The lawsuit describes a workplace in which the Mexican-American plaintiffs “were expected to work harder than their Caucasian counterparts and were not given the same overtime opportunities throughout the terms of their employment.”

“From our perspective, it possibly shows that there was some type of dual system going on,” said Ilija Cvetich, whose law firm is representing Gonzalez and his former colleagues.

That’s not much of a stretch, given a racially charged document, distributed to warehouse managers, that gives tips on how to deal with Hispanic employees. Excerpts from this document went viral online this past week.

Titled “Organization Effectiveness, Employee and Labor Relations Multi-Cultural Tips,” it explains that not all Hispanics “eat tacos and burritos” or wear sombreros. It goes on to discern Mexicans from other Hispanic communities with the description “Mexicans (lower education level, some may be undocumented).”

In a section on building Hispanic employees’ trust, the document says that Hispanics are “very loyal to those whom they have grown to trust,” and advises that “[for] Hispanics, family is the highest priority, everything else, including work, is secondary.”

“[L]ook for ways to take advantage of these strong familial tendencies as a source of motivation in the workplace.”

Most of this document appears to come, often verbatim, from an 11-year-old report funded by the U.S. Department of Agriculture Forest Service’s Wood Education and Resource Center in Princeton, W.Va., and written by a group called Holladay Management Services Inc., which seems to have dissolved. Though not as racially charged as the Target document, this report also has its moments, including a portion on the value of generalizing when discussing Hispanic cultures, which states, “The use of generalization is a valuable tool in helping us to better understand and predict the behaviors of a group of people.”

“When that paper came into our hands—wow,” said Gonzalez of the Target document. “How I felt, what I went through, it all backed up my suspicions.”

Target representative Molly Snyder sent SN&R an email apology. “This document, which was used during an isolated conversation about diversity, was never part of any formal or company-wide training and was a mistake. We are sorry.” She did not respond to follow-up questions.

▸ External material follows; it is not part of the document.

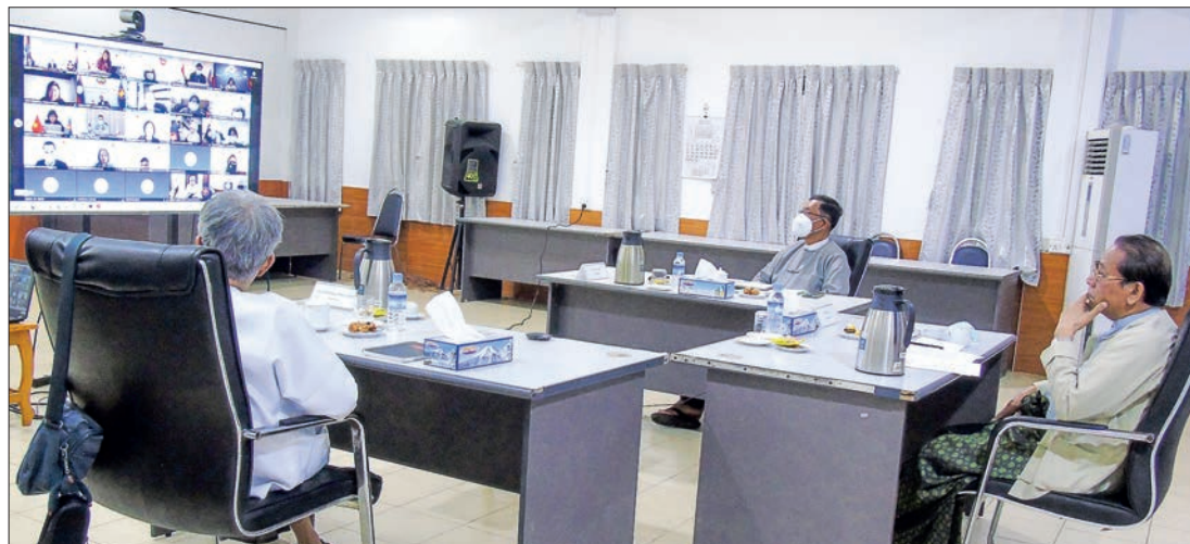
A virtual meeting of the AICHR and SEANF is in progress.

THE ASEAN Intergovernmental Commission on Human Rights (AICHR) and the Southeast Asia National Human Rights Forum (SEANF) held a virtual meeting today.

Beyond voicing surprise in finding that Target acknowledged that the document was real, Cvetich said that there’s little else to say on the case at the moment. His firm isn’t scheduled to meet Target in Yolo County court until mid-October, so national attention is expected to wane.

Gonzalez wouldn’t mind that.

“It was a simple step that we had to take—just talk to an attorney. But somehow, it exploded into what it is,” Gonzalez said. “It’s overwhelming.”

The three men are suing Target Corporation for an undisclosed amount. When asked by others about the monetary implications of taking on the big-box chain (which raked in an estimated $73.3 billion in 2013 revenue), Gonzalez doesn’t take the bait.

“We suffered there,” he said. “It’s about more than the money.”